- First tankōbon volume cover

魔物の国 (Mamono no Kuni)
- Genre: Dark fantasy
- Written by: Mitsutani
- Published by: Shogakukan
- English publisher: NA: Viz Media;
- Imprint: Shōnen Sunday Comics
- Magazine: Weekly Shōnen Sunday
- Original run: February 5, 2025 – October 22, 2025
- Volumes: 4
- Anime and manga portal

= Land of Monsters =

Japanese manga series

Land of Monsters (魔物の国, Mamono no Kuni) is a Japanese manga series written and illustrated by Mitsutani. It was serialized in Shogakukan's shōnen manga magazine Weekly Shōnen Sunday from February to October 2025.

==Publication==
Written and illustrated by Mitsutani, Land of Monsters was serialized in Shogakukan's Weekly Shōnen Sunday from February 5 to October 22, 2025. Shogakukan collected its chapters in four tankōbon volumes, released from May 16 to December 18, 2025.

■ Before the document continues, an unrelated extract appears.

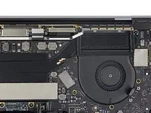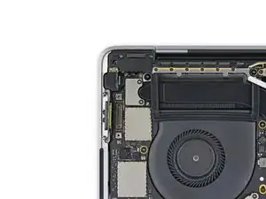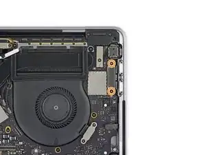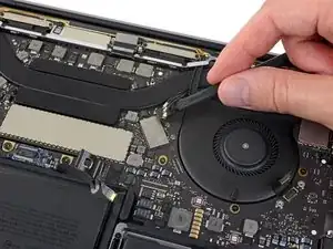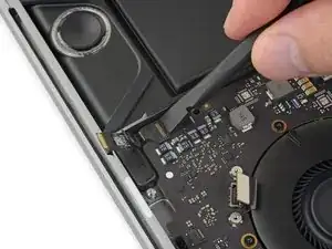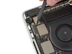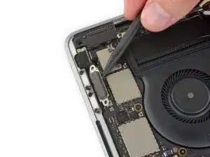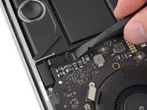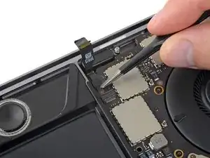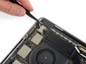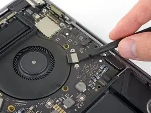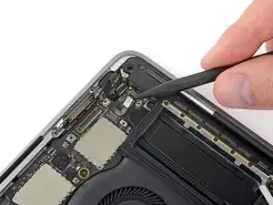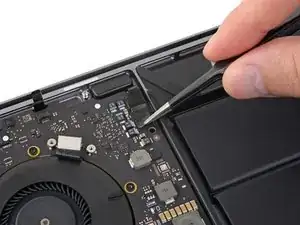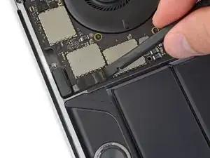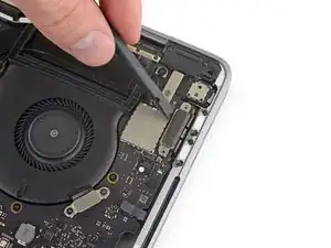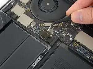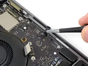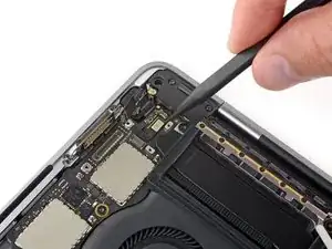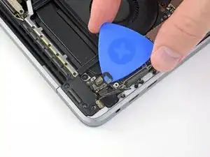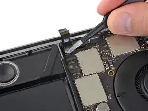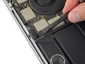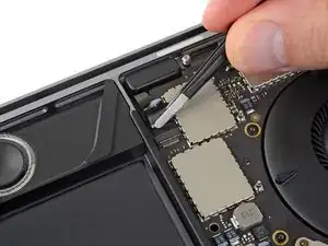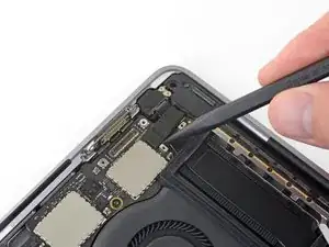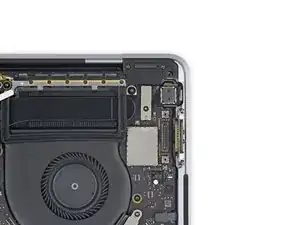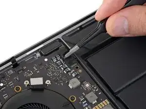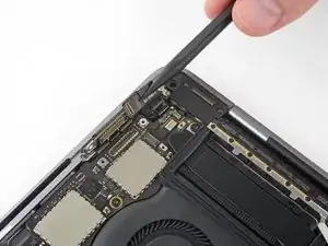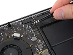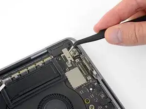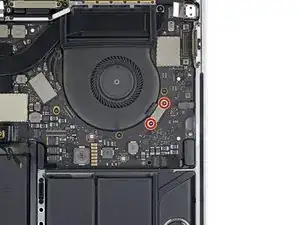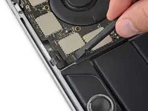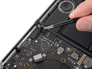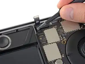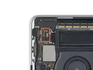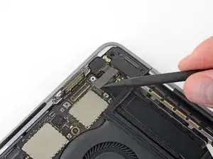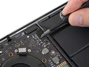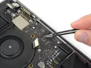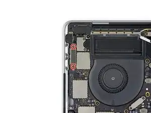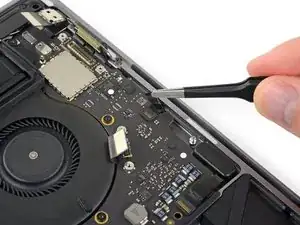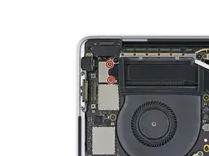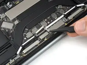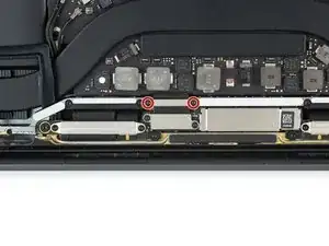Снимите два винта T3 Torx длиной 1,7 мм, фиксирующие алюминиевую крышку над гибким разъёмом кабеля дисплея.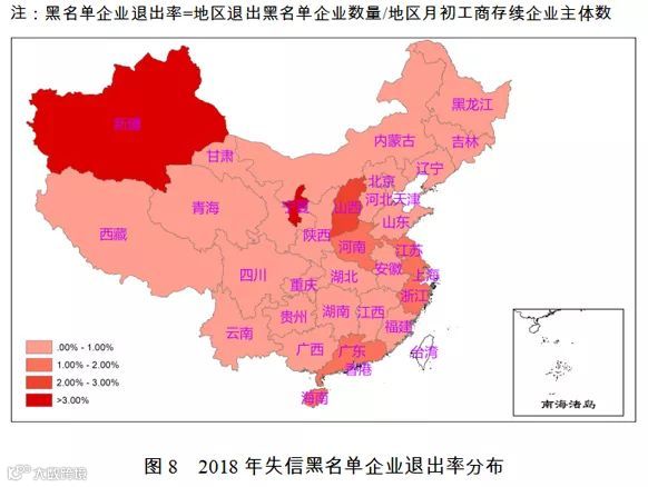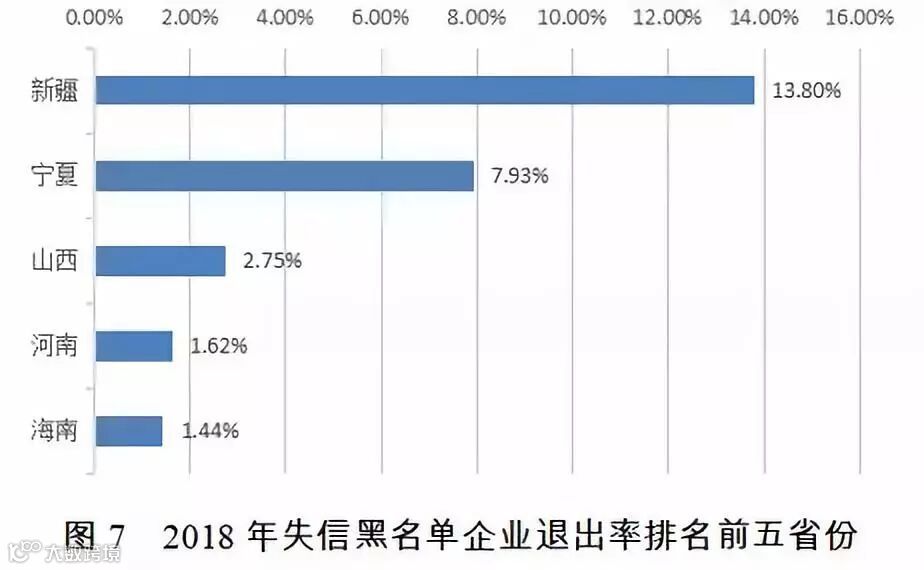 从2018年各地区黑名单企业退出率来看,退出率较高的五省份为新疆、宁夏、山西、河南、海南。在失信黑名单主体退出数量和本地区失信黑名单主体退出率两个指标上,新疆、河南两地均位居全国前列(见图7和图8)。

Viz Media is publishing the series in English simultaneously with its Japanese release.

===Volumes===

| No. | Release date | ISBN |
| 1 | May 16, 2025 | 978-4-09-854118-8 |
| "Human Lands" (人間の土地, Ningen no Tochi); "I Do Not Understand" (わかラない, Wakaranai); "Perilous Mother and Child" (危うい親子, Ayaui Oyako); | "Farewell Ritual" (別れの儀式, Wakare no Gishiki); "Gates of the Underworld" (冥府の門前, Meifu no Monzen); "Nothing to Do with You" (関係ない, Kankei Nai); |
| 2 | August 18, 2025 | 978-4-09-854212-3 |
| "A Pity, Isn't It?" (憐れだろう, Aware darō); "Safe Travels" (よい旅を, Yoi Tabi o); "Cheer Up!" (元気出せ！, Genki Dase!); "I Want to Be Stronger" (強くなりたい, Tsuyokunaritai); "The Jewelhorn Forest" (宝鹿の森, Takarajika no Mori); | "Divine Beast" (神獣, Shinjū); "Lady Mitsukai" (みつかい様, Mitsukai-sama); "Something So Imposing" (壮大な営み, Sōdai na Itonami); "The Truth" (本当は, Hontō wa); "Carrying It All" (全部抱えて, Zenbu Kakaete); |
| 3 | November 18, 2025 | 978-4-09-854331-1 |
| "I Won't Let You Take Her" (渡さないから, Watasanai kara); "Flute" (フルート, Furūto); "What Are You Doing?" (何やってんだよ, Nani Yattenda yo); "I Can't Live" (生きられません, Ikiraremasen); "Long Enough" (遅いよ, Osoi yo); | "A Wonderful Dream" (楽しい夢, Tanoshii Yume); "You're Nothing Like Her" (似てないのね, Nitenai no ne); "Thank You" (ありがとう, Arigatō); "Far Away" (遠くへ, Tōku e); "Not at All" (全然, Zenzen); |
| 4 | December 18, 2025 | 978-4-09-854370-0 |
| "Out of the Question" (論外だ, Rongai da); "Hona" (ホナ); "Inside the Belly" (腹の中, Hara no Naka); "Thank Goodness" (よかった, Yokatta); "I Hate It" (嫌なんだよ, Iya Nanda yo); | "Oki" (オキ); "That's Enough" (もういいよ, Mōii yo); "Run" (走れ, Hashire); "Saved" (救われた, Sukuwareta); "With Everyone" (みんなともっと, Minna to Motto); |

==Reception==
The first volume featured a recommendation from manga creator Rumiko Takahashi.